A friend, who is both a designer and a plant expert, remarks that “a planting design should be done without reference to plant names”. Instead, “the designer should use sketches and cross sections” – and then think about what species could achieve the design effect.
Though I accept the point that planting design is very much to do with colour, texture, mass, etc, I do not agree with the point. Think about furniture design: you need to know whether the item is to be made with steel, plastic, cast iron, oak, ash, birch or whatever, BEFORE the design can be started.
So what are the principles of planting design? We published an eBook on the Principles of Garden Design in 2008 and, if time and inspiration permit, would like to follow it with an eBook on the Principles of Planting Design.
Though unsatisfactory, it it tempting to conceive the subject in terms of historic approaches to planting design. My friend’s approach, I think, relates to the Bauhaus belief that there are certain principles of abstract design which, presumably, apply to any project in any time in any place. As Geoffrey Jellicoe wrote in 1925 ‘The bases of abstract design, running through history like a silver thread, are independent of race and age’.
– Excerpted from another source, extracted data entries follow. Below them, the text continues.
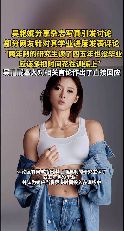 吴艳妮分享杂志写真却因研究生学业进度遭网友质疑,被指两年制研究生读了四五年未毕业、应多花时间在训练上,本人也已对此作出直接回应,赛场之外的话题争议再次将她推上风口浪尖。
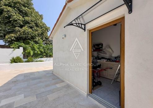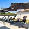 Der großzügige Garten umfasst einen großen Swimmingpool mit Sonnenterrasse, einen Whirlpool und ein 40 m² großes Nebengebäude. Ein Teil des Gebäudes ist für Unterhaltung und Spiele ausgestattet, während der andere Teil als Lagerraum dient. Im Außenbereich befinden sich zudem eine Sommerküche und ein offener Kamin, die ein ideales Ambiente für entspannte Sommertage schaffen. Das vollständig eingezäunte Grundstück bietet Platz für bis zu sechs Fahrzeuge und verfügt über ein ferngesteuertes Tor sowie eine Videoalarmanlage.
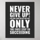 Este design com "Nunca desista! Fracasso e rejeição são apenas o primeiro passo para o sucesso" é um presente perfeito para mulheres, homens, família, pais ou para você que amam citações inspiradoras, motivacionais ou positivas.

Modern planting designs are treated as abstract compositions which need only please the eye. But there is more to planting design and abstract composition runs contrary to the idea that ‘form follows function’. If one wants to grow cabbages or apples, or to engage in permaculture, then one cannot think about ‘the design’ in isolation from its function.
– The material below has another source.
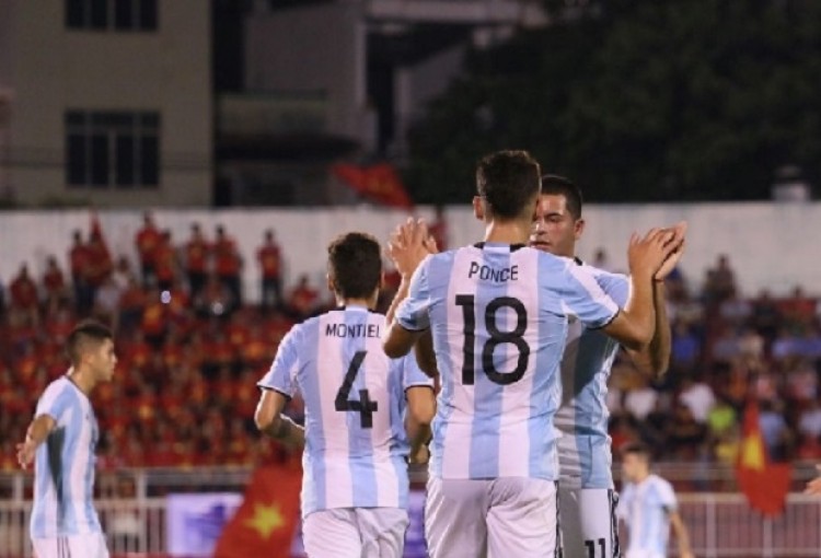El seleccionado argentino sub-20 venció este miércoles a su similar de Vietam por 4 a 1, en un cotejo amistoso preparatorio para su participación en la Copa del Mundo de la categoría, que se jugará en Corea del Sur entre el 20 de mayo y el 11 de junio.Los tantos del seleccionado que dirige Claudio Ubeda fueron obras de Exequiel Ponce (jugador del Granada, de España) a los 29 minutos, Brian Mansilla (Racing Club) a los 48 e Ignacio Méndez (Argentinos Juniors), quien entró en el segundo tiempo, a los 63 y 88.El gol de Vietnam lo marcó a los 90 minutos Ha Duc Chinh. El cotejo se jugó en el estadio Thong Nhat, en la ciudad Ho Chi Minh, y el domingo Argentina jugará ante el Sub-23 vietnamita en Hanoi.Argentina formó con Franco Petroli (River); Gonzalo Montiel (River), Foyth, Marcos Senesi (San Lorenzo) y Milton Valenzuela (Newell’s Old Boys); Palacios, Santiago Colombatto (Cagliari, de Italia), Tomas Belmonte (Lanús) y Mansilla ; Ponce.Ubeda determinó que tuvieran descanso dos de las máximas figuras del equipo como Santiago Ascacibar, mediocampista central de Estudiantes, y el delantero de Racing Lautaro Martínez, siendo muy positivo el desempeño de Ménedez quien reemplaza a Ezequiel Barco, que no fue cedido por Independiente.En los dos primeros goles la asistencia fue de Ezequiel Ponce, el jugador del Granada español, para Ponce y Mansilla, este último de cabeza. El tercer tanto fue con otra cabezazo, esta vez de Méndez y el cuarto lo marcó el mismo jugador de Argentinos tras muy buena jugada del defensor de Estudiantes Juan Foyth.Argentina, campeón mundial de la categoría en seis ocasiones (1979, 1995, 1997, 2001, 2005, 2007) debutará el próximo 20 ante Inglaterra en Jeonju, el 23 tendrá como rival a Corea del Sud en el mismo escenario y el 26 termina su participación en el Grupo A ante Guinea en Suwon.Fuente: Télam

The photograph illustrates the point that “Dierama pulcherrimum is an elegant plant which looks well with the softness of Stipa tennusima“. But could this plant combination have been achieved by doing the design BEFORE thinking about the species? I asked the designer and learned that ‘ The Stipa was planted first and placed because I thought it was a place it would flourish. Then I walked round, some years later, with the Dierama in a pot – and thinking both where it would grow and what it would go with from a compositional point of view’. So species selection preceded aesthetics.